I sang for my father

Sorry folks.  The title of my blog today is an obvious rip-off, playing on the name of the famous stage play and feature film (1970) by Robert Anderson, “I Never Sang for My Father.”  I confess I missed the film in the 70s (too many other things going on in my 20s…) but saw it recently with my wife in an off-Broadway production.  If you missed it too, I’ll describe it briefly.  The play hits home for many who struggle through a final season of life with an aging parent.  Walls of resentment, bitterness and regret block a college professor’s (Gene Hackman) final attempt to reach his father (Melvyn Douglas) who cannot come to terms with the way his children have lived their lives.  Depressing, huh?  And what does this have to do with a blog on BibleSettings?  Well, read on.

Just this Friday past, I had the wonderful privilege of sitting with my father through the final moments of his life.  As my brother and I watched him reach for his last breaths, we held tight to him and to each other, thanking God for the influence of this remarkable man upon his sons.  Yeah and, by the way, I did sing for my father.  I used to sing a lot in an earlier life.  And though the talent was marginal, dad always delighted in whatever I produced.  A pastor, he frequently took me along for funerals, weddings and special services to provide music.  What in fact he was trying to do was to give opportunity for me “to use what God had given me for His glory.”  Things like this were important to dad.  “God gives us things, and He expects a good return on his investment,” he’d say.  So I sang for my father.  And then in 1992, Dad joined me in Israel on one of my trips.  It was the first time he’d been out of the country since his service tour in Europe during World War II.  Dad, a “homebody,” took a chance that this pilgrimage to Israel guided by his eldest son would yield something for him.  What pleasure it gave me to watch dad delight in the sites and sounds of Israel!  He struggled a bit to keep up with the physical side of things, but spiritually and biblically, the trip opened up new vistas of understanding for this man who loved the word of God.  And then some months later to hear mom describe the changes in dad’s preaching and appreciation of the Bible as a result of that trip?  For me, that was heaven.  It was like singing for my father all over again.

I wish you could have known this man who was responsible for so many good things about me.  But alas, a blog format cannot contain the description.  Perhaps the following short biographical sketch which I wrote just this afternoon for his memorial might help a bit.  He was such a contrast to the character in Anderson’s play.

John Robert Widbin, 88, native St.
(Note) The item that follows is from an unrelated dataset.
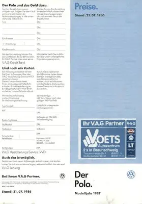 VW Polo 2 Preisliste 7.1986

Louisan, youngest son of Frank and Bertha (Mueller) Widbin, World War II veteran (European theatre), successful businessman, loving son, brother, husband, father, grandfather, and great-grandfather, and treasured by countless friends throughout the world, passed from this earth into the presence of his Lord on Friday, July 20th.

Though Bob had no formal ministerial training, at great effort he became a superb pastor, theologian, and churchman in the truest sense of the terms, serving three congregations over more than a half century of ministry.  More importantly, together with his beloved wife, Lois, he loved God and served Him with a passion that reached unfathomable proportions in faithfulness to Christ, uncompromising devotion to the Church, and an availability to people that defies description.  Many owe their livelihood, their marriages, the well-being of their families, even their very lives to his well-timed intervention and compassionate influence.  No one could have known Bob ‘just a little bit.’  To know him was to know him well, for he shared his inner life and his radiant smile so naturally.  Even advancing years could not erode his spirit.  Surprisingly, they left him free of bitterness and regret.  He lived his later years as he had his earlier:  youthfully and vigorously attending to others.  And in the end he faced his eternal destiny confidently and without fear.

We shall miss him terribly.  He simply was one of those remarkable individuals who just made everyone and everything better.  The work he leaves behind lives in eternity.

That is the kind of person I want to be as the years catch up with me.  Maybe this week you take a good look at the influences for good upon your life?  Whether a relative, a friend, a teacher, a parent.  Be that kind of person for those who come behind you.  And don’t forget to sing for your father while you can.